Krua Khun Kan: Osaka street food at the Bangkok Art & Culture Center

COCONUTS HOT SPOT – Serving Japanese street food right is a “fine art” so it’s no perhaps no surprise to find a great Japanese eatery amongst the exhibitions of the Bangkok Art & Culture Center.

To dine here, go to the second floor and find the Hof Eat and Art gallery – inside you’ll find Krua Khun Kan, a super-relaxed space filled with street art and delectable food. They serve Japanese comfort food like pork curry and oyakodon, the kind of grub you’d find on the streets of Osaka. Apart from being cooked by two cool chefs, the food is very affordable – and being comfort food, it should be.

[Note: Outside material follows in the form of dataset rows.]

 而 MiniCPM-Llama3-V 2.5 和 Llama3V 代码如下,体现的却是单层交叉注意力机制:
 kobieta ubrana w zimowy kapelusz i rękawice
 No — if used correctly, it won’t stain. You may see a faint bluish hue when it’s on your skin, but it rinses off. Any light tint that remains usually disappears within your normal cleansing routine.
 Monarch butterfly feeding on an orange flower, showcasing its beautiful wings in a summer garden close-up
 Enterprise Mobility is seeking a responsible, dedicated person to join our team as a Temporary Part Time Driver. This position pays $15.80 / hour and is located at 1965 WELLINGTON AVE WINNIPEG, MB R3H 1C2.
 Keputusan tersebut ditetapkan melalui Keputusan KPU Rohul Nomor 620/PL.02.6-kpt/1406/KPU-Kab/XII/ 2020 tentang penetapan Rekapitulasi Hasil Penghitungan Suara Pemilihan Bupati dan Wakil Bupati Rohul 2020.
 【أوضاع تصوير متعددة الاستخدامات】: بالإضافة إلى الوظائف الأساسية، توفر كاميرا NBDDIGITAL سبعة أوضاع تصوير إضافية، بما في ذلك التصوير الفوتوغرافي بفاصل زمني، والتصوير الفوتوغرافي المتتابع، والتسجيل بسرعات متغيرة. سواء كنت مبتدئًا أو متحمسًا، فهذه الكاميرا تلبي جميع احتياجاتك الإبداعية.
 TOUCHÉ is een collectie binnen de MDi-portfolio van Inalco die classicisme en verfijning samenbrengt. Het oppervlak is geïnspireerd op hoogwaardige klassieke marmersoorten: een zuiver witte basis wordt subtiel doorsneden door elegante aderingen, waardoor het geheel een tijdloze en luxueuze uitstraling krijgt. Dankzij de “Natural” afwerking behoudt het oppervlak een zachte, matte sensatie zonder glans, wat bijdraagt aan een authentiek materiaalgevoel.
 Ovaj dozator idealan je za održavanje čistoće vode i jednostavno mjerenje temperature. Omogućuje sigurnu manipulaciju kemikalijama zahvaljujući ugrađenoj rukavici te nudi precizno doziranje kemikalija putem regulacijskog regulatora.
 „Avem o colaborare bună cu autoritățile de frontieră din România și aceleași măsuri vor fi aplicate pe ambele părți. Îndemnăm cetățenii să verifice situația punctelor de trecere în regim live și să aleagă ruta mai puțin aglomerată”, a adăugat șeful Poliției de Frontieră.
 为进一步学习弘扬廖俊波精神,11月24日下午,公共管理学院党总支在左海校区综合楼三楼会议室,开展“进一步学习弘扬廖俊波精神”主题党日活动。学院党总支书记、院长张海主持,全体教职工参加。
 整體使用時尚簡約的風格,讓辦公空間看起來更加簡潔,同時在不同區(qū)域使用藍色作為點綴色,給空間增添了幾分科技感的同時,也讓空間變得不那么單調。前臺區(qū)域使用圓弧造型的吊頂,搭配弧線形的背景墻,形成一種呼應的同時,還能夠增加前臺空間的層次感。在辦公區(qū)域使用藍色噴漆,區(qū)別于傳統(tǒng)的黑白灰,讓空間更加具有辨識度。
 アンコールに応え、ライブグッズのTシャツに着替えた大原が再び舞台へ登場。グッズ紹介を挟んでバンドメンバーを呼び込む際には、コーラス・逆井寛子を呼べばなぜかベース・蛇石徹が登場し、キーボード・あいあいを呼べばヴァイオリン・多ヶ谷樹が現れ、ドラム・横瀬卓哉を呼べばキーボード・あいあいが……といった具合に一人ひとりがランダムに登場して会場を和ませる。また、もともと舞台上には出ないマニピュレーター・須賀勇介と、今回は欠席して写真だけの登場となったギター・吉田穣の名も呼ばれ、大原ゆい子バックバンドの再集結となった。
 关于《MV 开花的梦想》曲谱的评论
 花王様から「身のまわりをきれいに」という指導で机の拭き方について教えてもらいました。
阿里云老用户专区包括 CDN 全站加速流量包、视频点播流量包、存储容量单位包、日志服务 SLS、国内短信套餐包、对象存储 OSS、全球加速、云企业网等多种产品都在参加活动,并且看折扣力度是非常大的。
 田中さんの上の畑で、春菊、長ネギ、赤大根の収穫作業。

While most of the cookie-cutter Japanese chain places play up Japanese food as being “gourmet,” the reality is that most Japanese cuisine is pragmatic and fun. And that’s how it is here; you can sit outside and order from a menu that’s handwritten on sticky notes and posted on the wall or you could sit back with some sashimi salad and try and decode the scribbling surrounding you inside the art gallery. At the center of the gallery/restaurant is a street-style cart with all the fixins’ like shoyu and Japanese mayonnaise to accompany your dishes, not to mention some sweet sashimi.

The art here is the kind that everyone can appreciate. There’s a helium tank, some helmets, an old bike. It’s that kind of funky, weird street-style art that is easy to digest and doesn’t make you feel like you have to sit there and scroll through your mental thesaurus to come up with words to use as you’re pretending to analyze something you know little about. In fact, it’s pretty much the same as the food – something you can enjoy without having to be a connoisseur. It’s not a big deal if you don’t know the Japanese words for different types of sushi here – just pick something off the menu and it’ll be tasty. But here’s the thing, if you are a bit of a Japanese food snob then you’ll really appreciate how authentic it is, and you’ll really get off on how good the prices are.

The BACC is closed on Mondays, and that means Krua Khun Kan is too, but stop in any other day for an interesting lunch, or maybe bring a hipster date here for an early dinner during the middle of the week. Just keep in mind it closes at eight.